Print a faithful copy of the data below, word for word, with the pictures left out.

===============

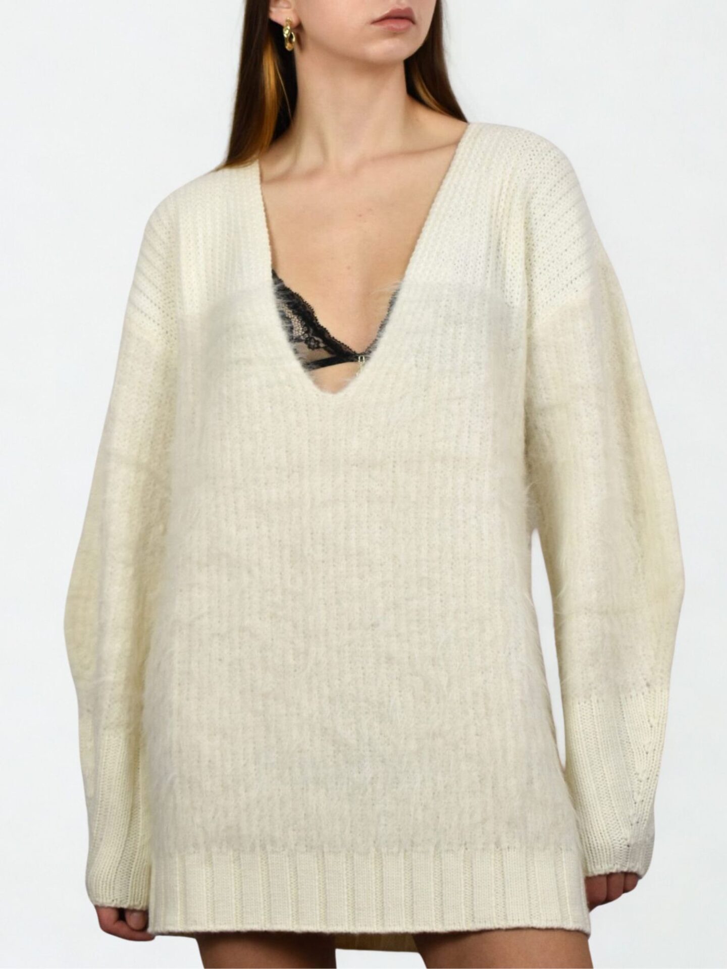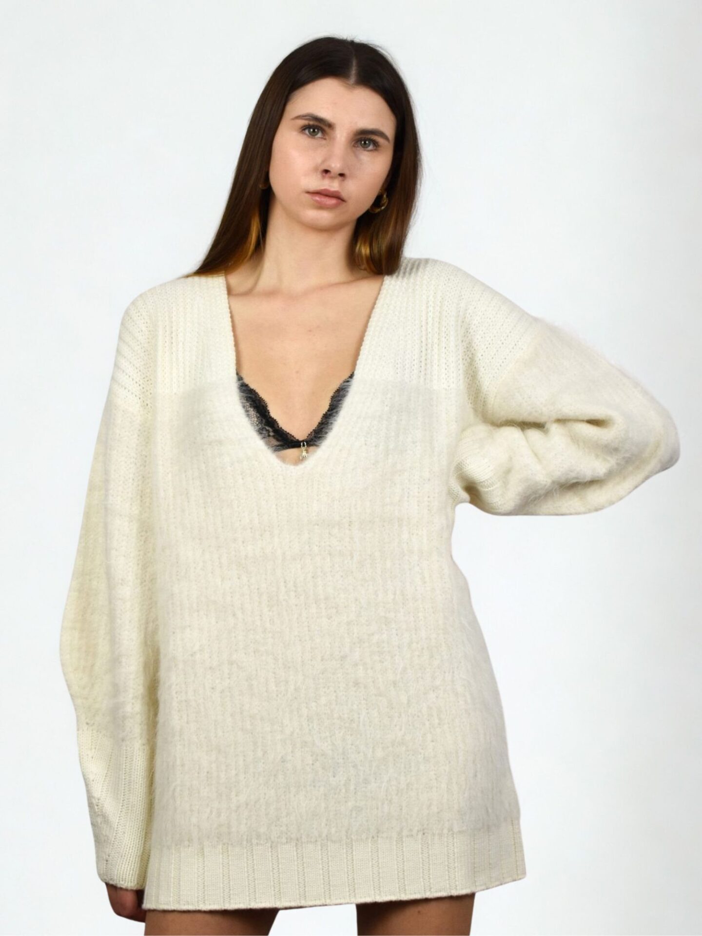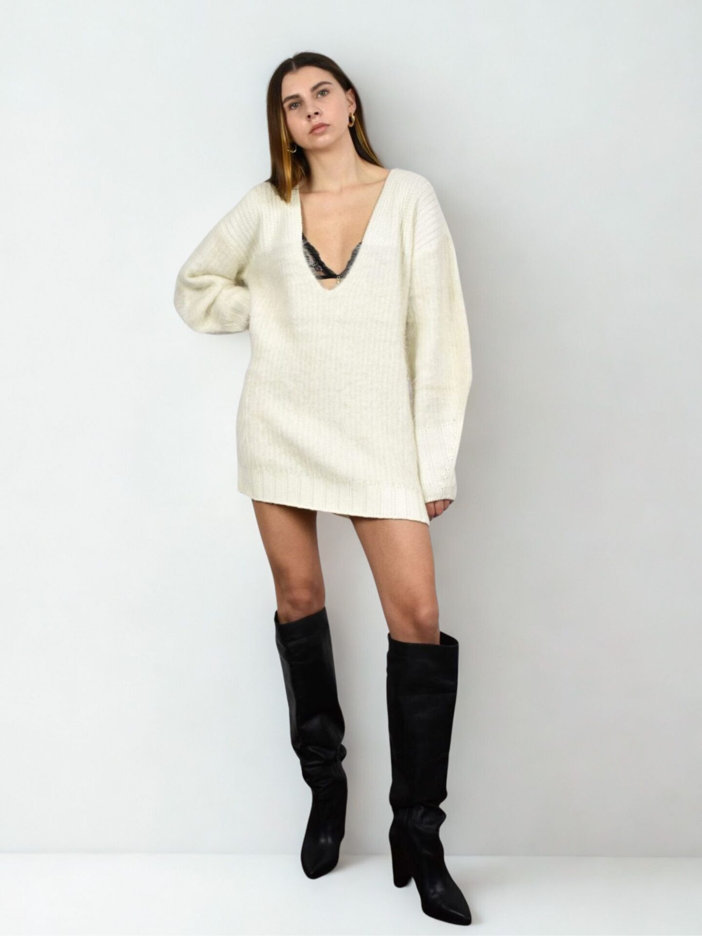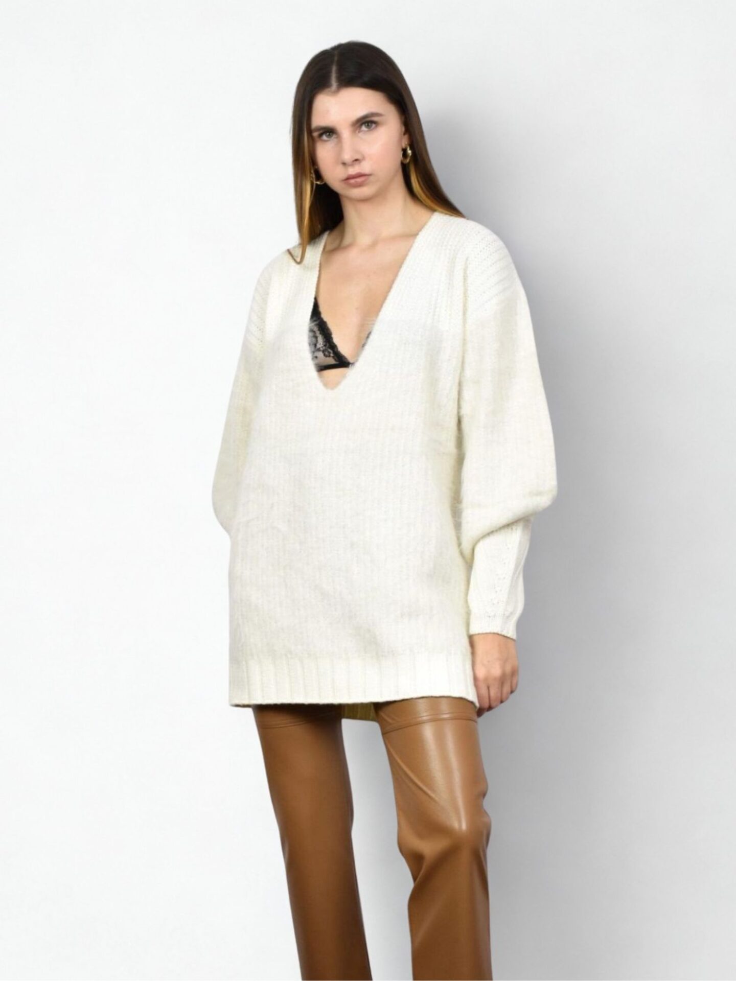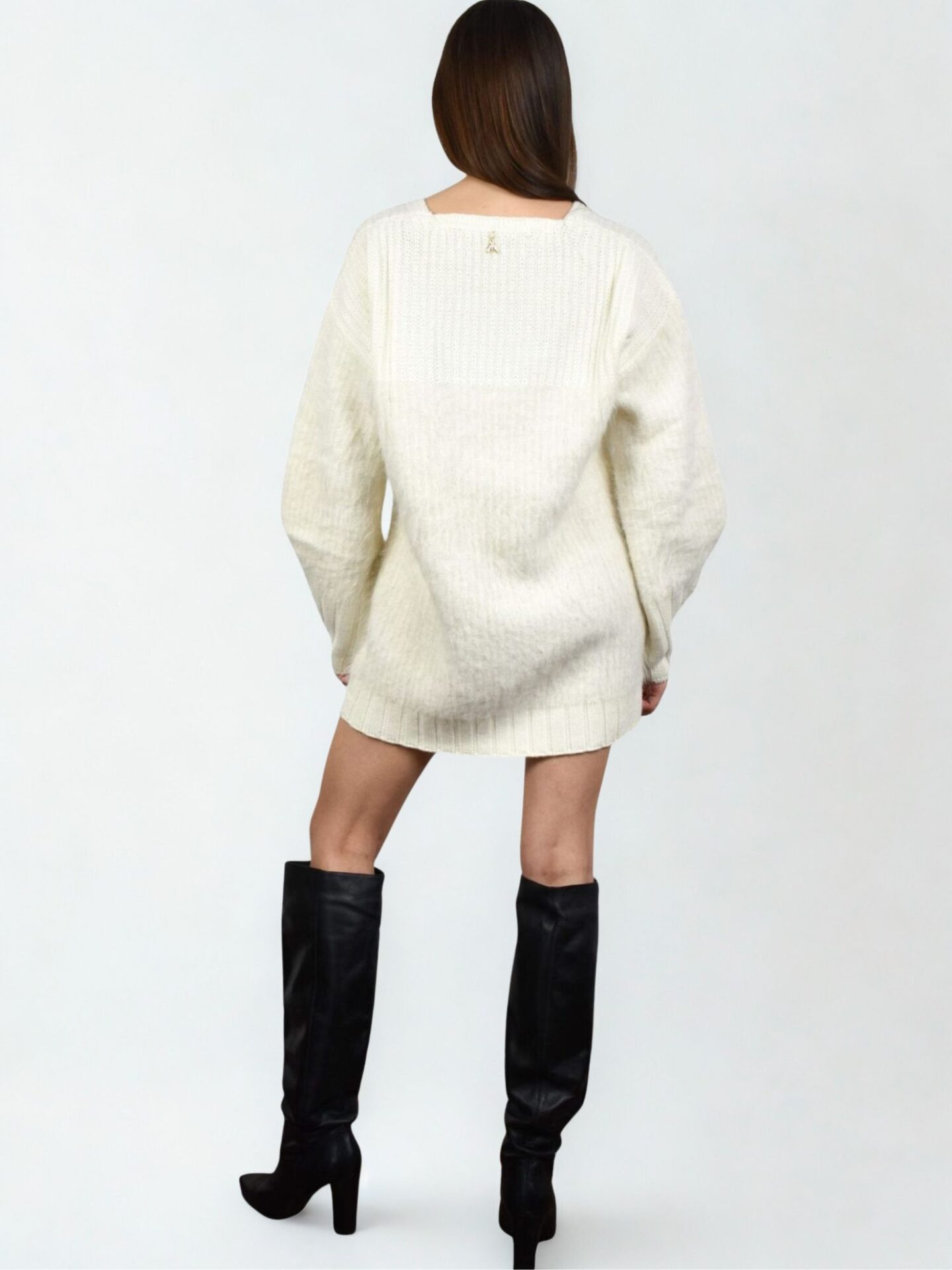 Ten model zachwyca prostotą i nowoczesną formą. Długi sweter Patrizia Pepe z głębokim dekoltem w serek pięknie eksponuje szyję i dekolt, podkreślając kobiecą sylwetkę. Kolor ecru dodaje mu lekkości i elegancji, jednocześnie pasując do różnych typów urody. Sweter można nosić zarówno w wersji solo – jako sukienkę, jak i w duecie z legginsami czy skórzanymi spodniami. To świetna baza do stylizacji na wiele okazji – od miejskich spacerów po wieczorne spotkania. Model doskonale łączy zmysłowość z codziennym komfortem.
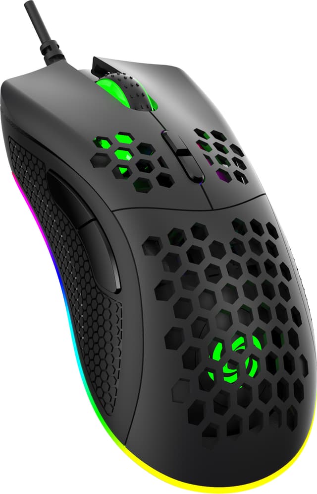 NOS M-600 V2 -pelihiirellä pääset tulostaulujen kärkeen. Hiiressä on 7200 DPI tarkuussensori sekä 7 näppäintä, jotka voit ohjelmoida tarpeen mukaan. Hiiren liikuttelu on vaivatonta 69 g kevyen kennorakenteen ansiosta, ja RGB-valaistuksen voit muokata tyyliisi sopivaksi.
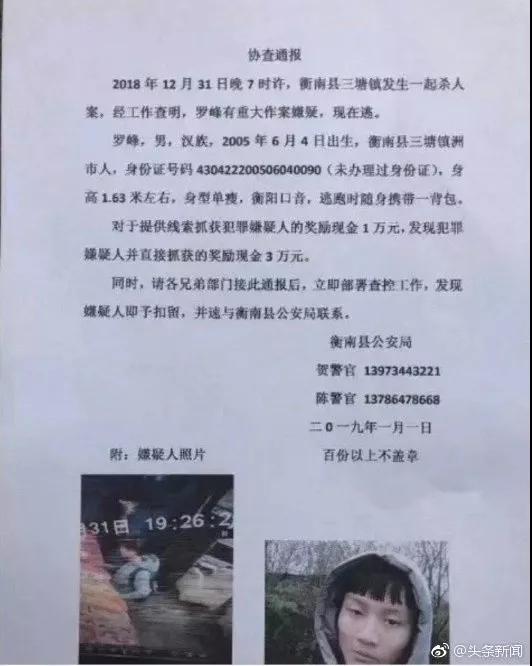 2018年12月31日晚18时许,衡南县三塘镇发生一起凶杀案,在场2人死亡。一名2005年出生的嫌疑人在杀害父母后逃离。
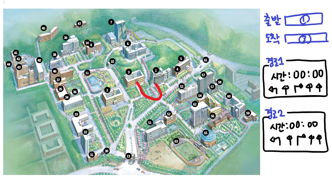 카카오맵 + 카카오처럼 캠퍼스 건물 간 최단 시간과 경로를 계산해주는 서비스이다.
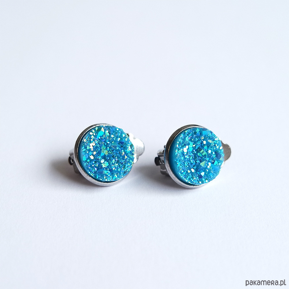 Niezwykłe, subtelne, małe klipsy z kaboszonem z żywicy druzy mieniący się w odcieniach niebieskiego, turkusu i złota.
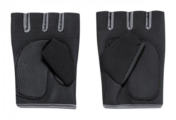 Mănuși sport, din poliester și neopren lycra, cu degete deschise și închidere cu velcro.
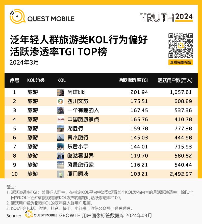 5、泛年轻人群旅游类KOL行为偏好活跃渗透率TGI TOP榜
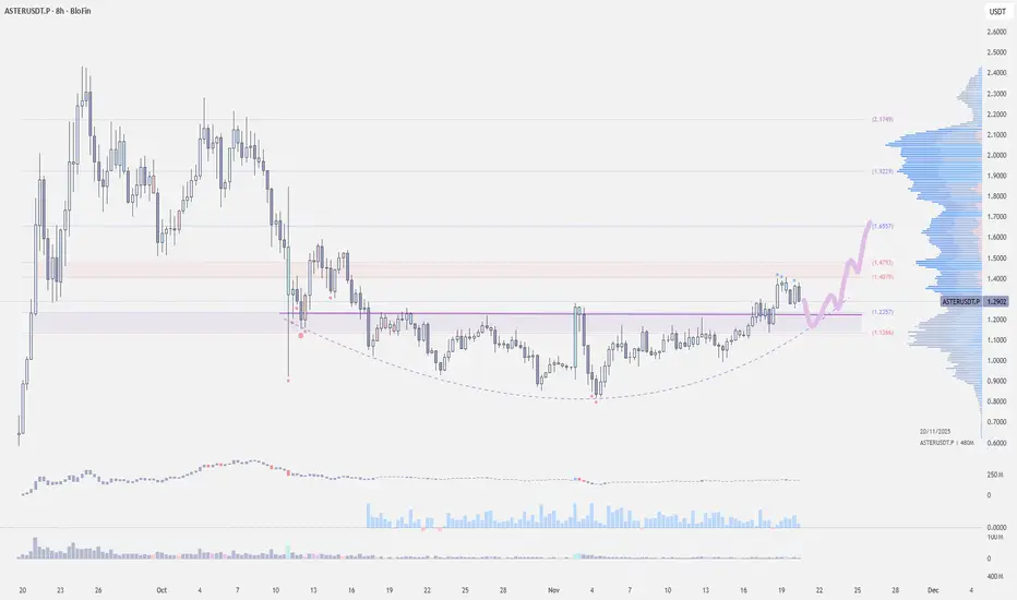 ASTER is forming a basin-bottom structure here. If price can hold and flip the 1.20–1.18 zone into support, the broader structure stays constructive.
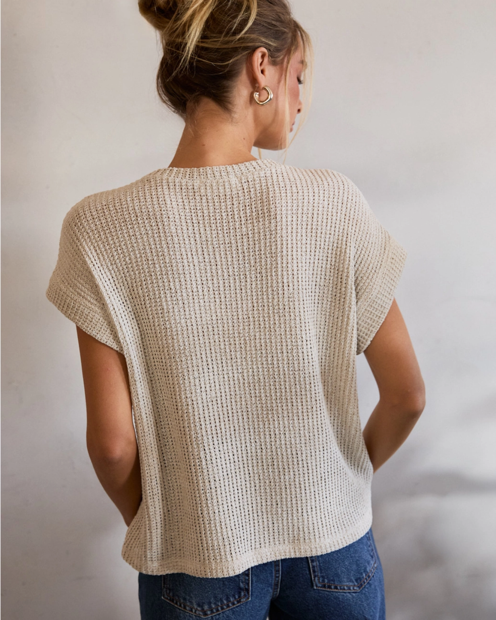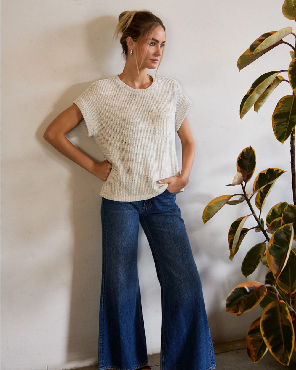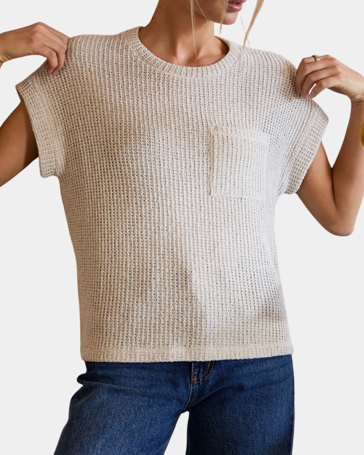 Simple and chic, this natural crew neck top is your new favorite. Rolled cuffs add a fun detail, a front pocket keeps things practical, and the relaxed fit means you'll reach for it again and again.
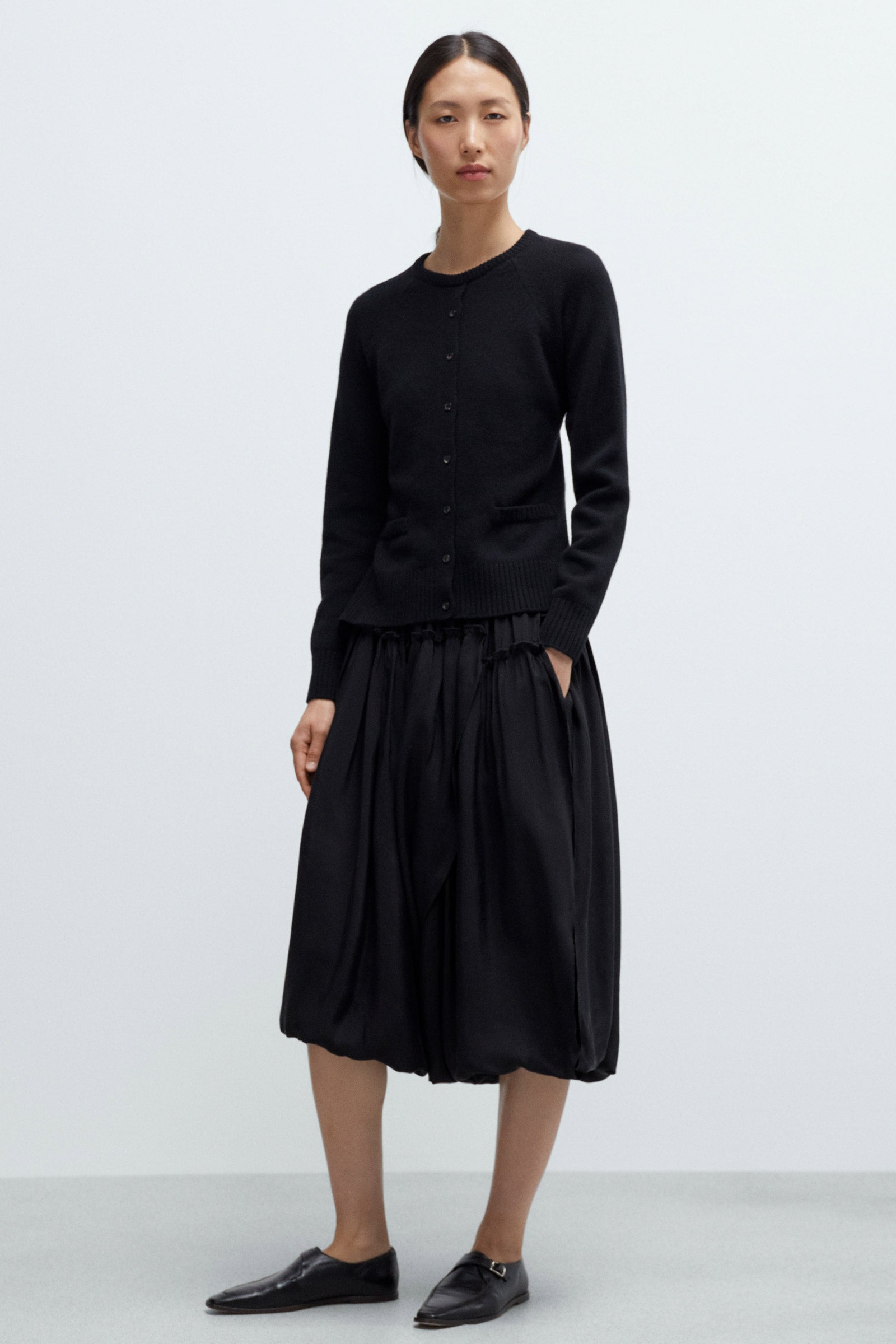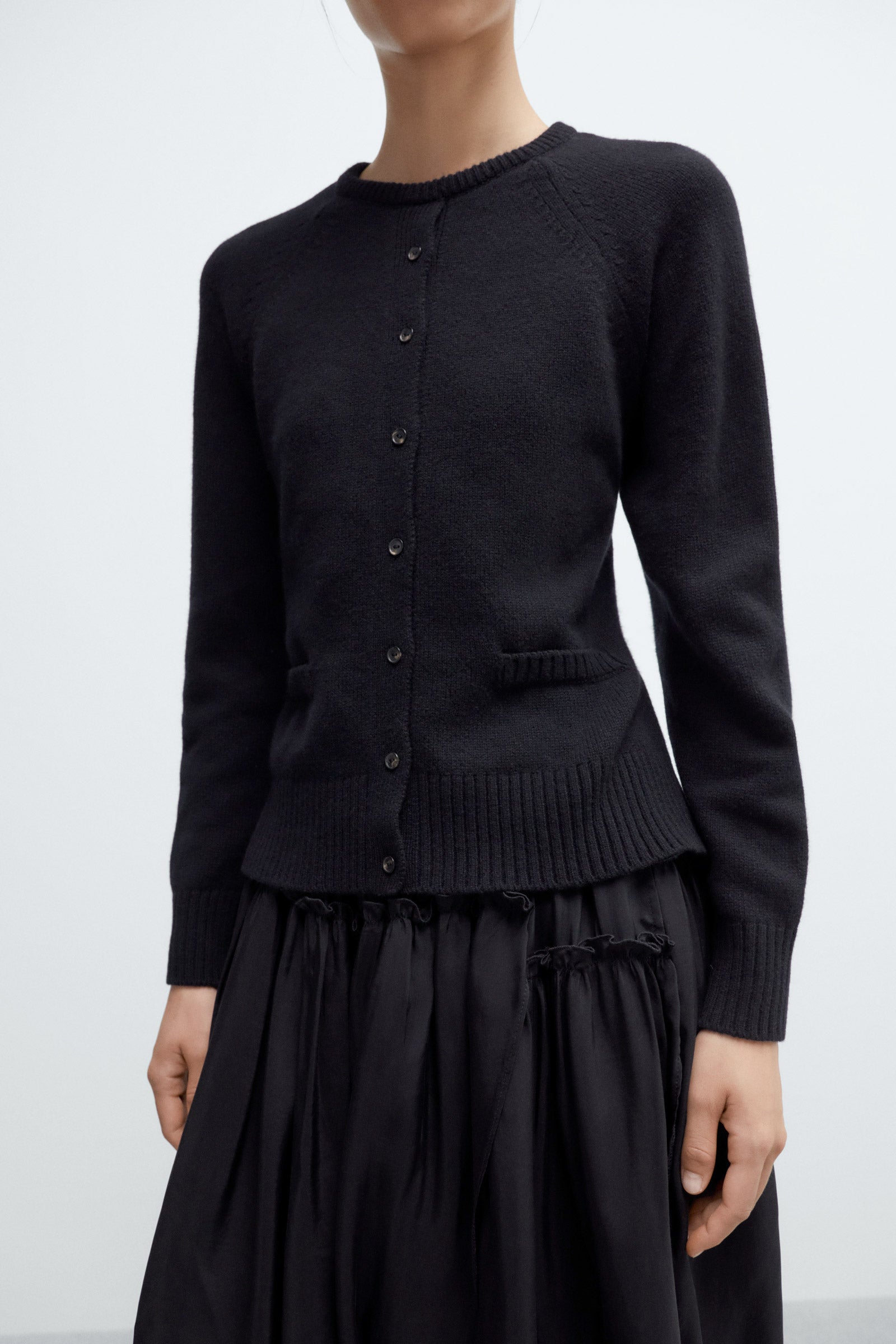 Black extrafine merino wool cardigan

===============

• [Solution for this problem]:
 Ten model zachwyca prostotą i nowoczesną formą. Długi sweter Patrizia Pepe z głębokim dekoltem w serek pięknie eksponuje szyję i dekolt, podkreślając kobiecą sylwetkę. Kolor ecru dodaje mu lekkości i elegancji, jednocześnie pasując do różnych typów urody. Sweter można nosić zarówno w wersji solo – jako sukienkę, jak i w duecie z legginsami czy skórzanymi spodniami. To świetna baza do stylizacji na wiele okazji – od miejskich spacerów po wieczorne spotkania. Model doskonale łączy zmysłowość z codziennym komfortem.
 NOS M-600 V2 -pelihiirellä pääset tulostaulujen kärkeen. Hiiressä on 7200 DPI tarkuussensori sekä 7 näppäintä, jotka voit ohjelmoida tarpeen mukaan. Hiiren liikuttelu on vaivatonta 69 g kevyen kennorakenteen ansiosta, ja RGB-valaistuksen voit muokata tyyliisi sopivaksi.
 2018年12月31日晚18时许,衡南县三塘镇发生一起凶杀案,在场2人死亡。一名2005年出生的嫌疑人在杀害父母后逃离。
 카카오맵 + 카카오처럼 캠퍼스 건물 간 최단 시간과 경로를 계산해주는 서비스이다.
 Niezwykłe, subtelne, małe klipsy z kaboszonem z żywicy druzy mieniący się w odcieniach niebieskiego, turkusu i złota.
 Mănuși sport, din poliester și neopren lycra, cu degete deschise și închidere cu velcro.
 5、泛年轻人群旅游类KOL行为偏好活跃渗透率TGI TOP榜
 ASTER is forming a basin-bottom structure here. If price can hold and flip the 1.20–1.18 zone into support, the broader structure stays constructive.
 Simple and chic, this natural crew neck top is your new favorite. Rolled cuffs add a fun detail, a front pocket keeps things practical, and the relaxed fit means you'll reach for it again and again.
 Black extrafine merino wool cardigan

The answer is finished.